Consider geopolitics, too. Three decades ago the US manufactured 37% of the world’s chips. Today the White House estimates it is just 12% – a similar level to Europe. And yet the US requires 37% of global output. Most manufacturing today is in East Asia (China requires 29% of the semiconductors produced in the world each year).

President Biden’s CHIPS Act is designed to bring production onshore. It is estimated that c.$223bn of US-based semiconductor projects are under way or planned, helped by $54bn in grants.

Semiconductor fabrication plants are expensive to build. They also take time. From the decision to invest to constructing the semiconductor clean room, installing equipment and ramping up production takes even the most efficient manufacturers more than three years.

And this assumes they can get the staff. The US is expected to face a shortfall of 300,000 engineers and 90,000 skilled technicians across all industries over the next decade.

How to invest?

So to the question of how to invest in this sector: the short answer is ‘carefully’. This is a big secular growth theme. Historically, we have included it under ‘automation’ as one of the themes driving our global portfolio. Today it stands alone.

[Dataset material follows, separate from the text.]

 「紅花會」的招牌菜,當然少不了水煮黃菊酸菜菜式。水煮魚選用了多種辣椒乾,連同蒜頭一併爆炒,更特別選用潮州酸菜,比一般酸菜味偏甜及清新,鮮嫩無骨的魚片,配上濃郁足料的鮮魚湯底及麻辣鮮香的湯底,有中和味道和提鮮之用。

But how do you capture the opportunities intelligently? Looking for the strongest-positioned companies across the value chain is key. Chip designer Nvidia is a small holding in the fund currently. It recognised the market potential of parallel processing a decade ago and invested well before its peers.

It introduced the GPU to PCs in the late '90s and has used the expertise from this approach to augment the units into datacentres and more recently to facilitate AI. Its clear leadership in accelerated computing means Nvidia is capturing a greater share of the ~$250bn a year capital expenditure on data centres while also dominating other fields.

As a result, its share price has risen 240% from the absolute lows in October of last year (it was down over 60% year-on-year to that point). Even then, because earnings have gone up so fast, the stock has derated and on consensus estimates trades on a similar multiple to the depths of last year – and at a discount to its 10-year average.

Then there are the producers – just a handful, thanks to the high capital costs, extreme technological requirements and years of consolidation. We own TSMC, but also Intel and Samsung as a hedge, given the geopolitical risks of TSMC, whose main production centre is, of course, Taiwan. It is good to see TSMC building manufacturing capacity in the US and elsewhere.

We also invest in the manufacturing equipment makers – a critical part of the value chain, enabling production innovation and the constant improvement in function. Here we own ASML, which dominates the cutting-edge lithography systems that enable the most advanced chip production, as well as LAM Research, which is strong in etch and deposition, another key part of the manufacturing process.

Identifying good companies is only part of the challenge. As indicated earlier, because of the cyclical nature of this sector, you must expect volatility. While there is a clear and strong long-term trend, the cycle can provide excellent opportunities to invest.

Buy-and-hold is a nice idea, but in semiconductors it can pay to be active around long-held positions. Volatility can be your friend if you can play it to your advantage, selling high, buying low shares in companies that are critically backed by strong market positions, with a lock hold on technologies, and delivering long-term growth.

To maximise opportunities like this requires constant research and market monitoring. But play it well and the “chips with everything” theme can contribute strongly to performance within a balanced portfolio.

Alex Stanic is lead manager of the Artemis Global Select fund. The views expressed above should not be taken as investment advice.